Giro d'Italia and Tour de France
| 1949 | Fausto Coppi |
| 1956 | Charly Gaul |
| 1983 | Lucien Van Impe |
| 1992 | Claudio Chiappucci |

Tour de France and Vuelta a España
| 1958 | Federico Bahamontes |
| 1965 | Julio Jiménez |
| 1987 | Luis Herrera |
| 1993 | Tony Rominger |

Giro d'Italia and Vuelta a España
| 1972 | Manuel Fuente |
| 1975 | Andrés Oliva |
| 1976 | Andrés Oliva |

==Days leading classification==
In previous tours, sometimes a stage was broken in two (or three). "Days" column gives the number of times the cyclist was a classification leader at the end of the day.
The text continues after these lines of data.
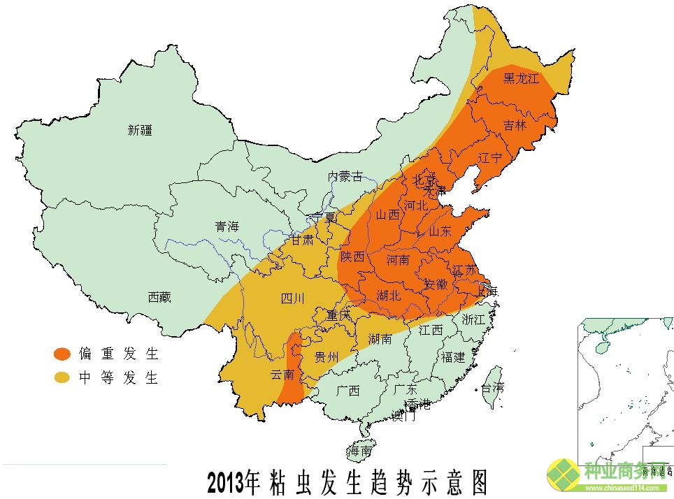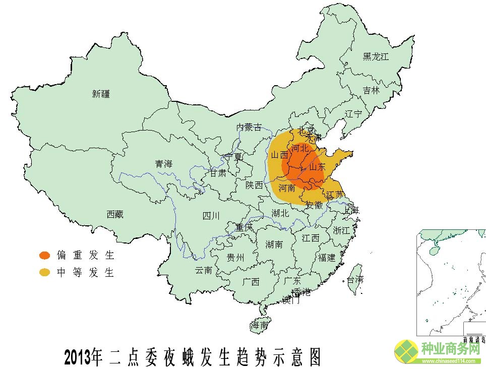 據國家氣候中心預測,2013年春季氣溫,黑龍江、吉林大部、內蒙古東部較常年同期偏低,全國其余大部地區氣溫接近常年同期或偏高;黑龍江東部、吉林大部、遼寧東部、山東大部、河南大部、湖北北部、安徽北部、江蘇北部降水較常年同期偏多,其中吉林東部降水偏多2~5成;全國其余大部地區降水較常年同期偏少。以上氣候條件將有利于東北和黃淮地區玉米螟的化蛹和羽化,也有利于一代粘蟲在江淮、黃淮麥區的發生危害。夏季,如遇降水偏多天氣,將有利于粘蟲、二點委夜蛾、大斑病、褐斑病等病蟲害發生危害;如降水少、氣溫高,則有利于蚜蟲、葉螨、雙斑螢葉甲、棉鈴蟲等害蟲的發生危害。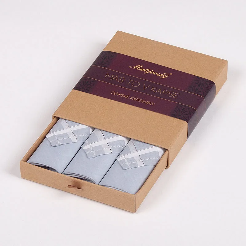 Elegance dotažená do posledního detailu. Tradiční bavlněný kapesník je nejen praktickým pomocníkem v celé řadě každodenních okamžiků, ale také symbolem elegance a vytříbeného stylu. Sada tří barevně sladěných látkových kapesníků, které vynikají hebkostí a savostí, se i díky originálnímu balení stane ideálním dárkem pro každou dámu.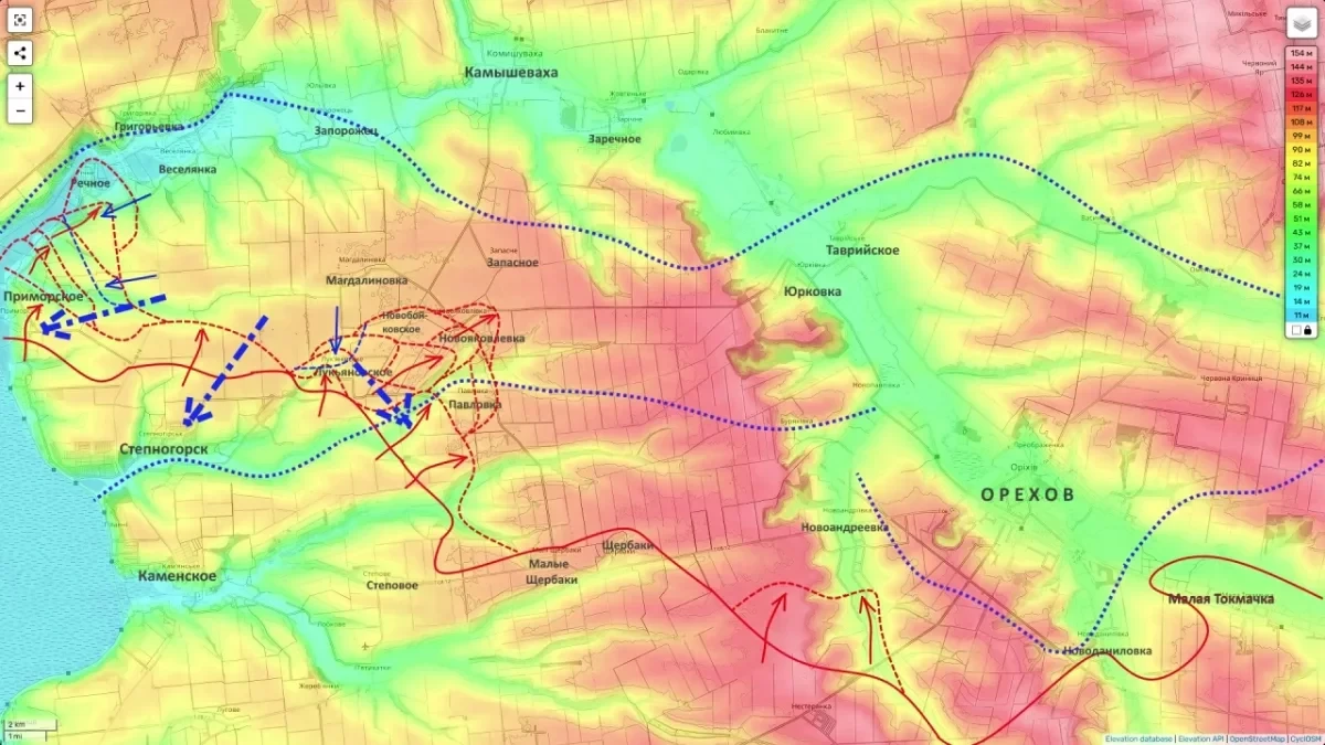 По оценке эксперта, обострение связано с продвижением российских группировок «Восток» и «Днепр». После потери ВСУ основной линии обороны и выхода российских подразделений через Степногорск на север - в сторону Приморского, Новояковлевки и Павловки - возникла угроза дальнейшего продвижения к Камышевахе и переправам через реку Конка. До окраин Запорожья от этих рубежей остается чуть более десяти километров.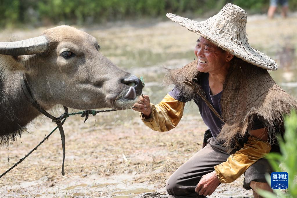 6月17日,在浙江省湖州市德清縣莫干山鎮(zhèn)筏頭村,農(nóng)戶沈水根注視著他的耕!岸W印薄I蛩16歲開始養(yǎng)牛耕田,“二牛子”已陪伴主人耕作3年多。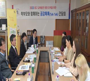서울장충초등학교(교장 노영문)에서는 5월 24일(목)에 중구청 구청장님과 본교 학부모님과 ‘학부모와 함께하는 공감톡톡(Talk Talk) 간담회를 갖었습니다. 먼저 교장선생님과 중구청 000구청장님의 인사말로 시작되었습니다. 중구청의 중점 교육사업에 대한 설명을 듣고 본교 학부모님들이 생각하는 학교의 시설 및 교육의 개선 방안과 중구청에서 도와주실 부분에 대한 이야기들을 나누었습니다.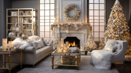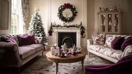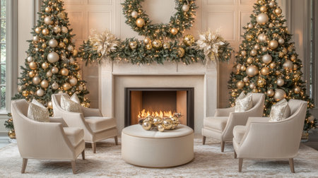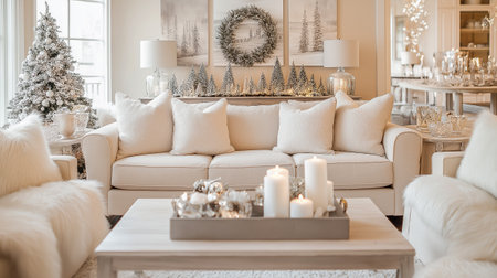 A beautifully decorated living room captures the essence of winter with festive warmth and elegance.

Numbers in brackets include split stages.

after the end of 2026 Vuelta a España

Legend
|  | Current records |
|  | Rider was leading in all Grand Tours |
|  | Rider was leading in all Grand Tours in one season |

| Rank | Rider | Days | Leading span | Giro | Tour | Vuelta |
|---|---|---|---|---|---|---|
| 1 | ESP Federico Bahamontes | 133 ^{(138)} | 1954–1964 | 34 ^{(35)} | 74 ^{(77)} | 25 ^{(26)} |
| 2 | BEL Lucien Van Impe | 112 ^{(123)} | 1971–1983 | 34 ^{(35)} | 78 ^{(88)} | 0 |
| 3 | ITA Gino Bartali | 98 ^{(113)} | 1935–1948 | 73 ^{(83)} | 25 ^{(30)} | 0 |
| 4 | FRA Richard Virenque | 96 | 1992–2004 | 0 | 96 | 0 |
| 5 | ESP Julio Jiménez | 95 ^{(99)} | 1961–1968 | 25 | 40 ^{(43)} | 30 ^{(31)} |
| 6 | BEL Eddy Merckx | 92 ^{(97)} | 1968–1976 | 56 ^{(57)} | 36 ^{(40)} | 0 |
| 7 | ESP José Luis Laguía | 90 ^{(94)} | 1981–1986 | 0 | 0 | 90 ^{(94)} |
| 8 | ESP José Manuel Fuente | 71 ^{(80)} | 1971–1974 | 46 ^{(50)} | 8 ^{(10)} | 17 ^{(20)} |
| 9 | ESP José Luis Abilleira | 66 ^{(75)} | 1973–1976 | 0 | 0 | 66 ^{(75)} |
| 10 | SLO Tadej Pogačar | 64 | 2020–2026 | 20 | 40 | 4 |
| 11 | ITA Fausto Coppi | 61 | 1940–1954 | 37 | 24 | 0 |
| 12 | COL Luis Herrera | 59 ^{(61)} | 1985–1991 | 8 ^{(9)} | 25 ^{(26)} | 26 |
| 13 | ESP Julián Berrendero | 55 ^{(62)} | 1936–1947 | 0 | 9 ^{(13)} | 46 ^{(49)} |
| 14 | SUI Tony Rominger | 55 ^{(56)} | 1989–1996 | 10 | 10 | 35 ^{(36)} |

Only four other riders were leading mountains classification in all three Grand Tours: Aurelio González Puente, Karsten Kroon, Tim Wellens and Jonas Vingegaard.

The rider with the most Grand Tour days on the top of the King of the Mountains classification in one season is Federico Bahamontes - 31 in 1958. José Manuel Fuente amassed a record
34 stages (including split stages) across 29 days as a KoM leader in one calendar year (1972).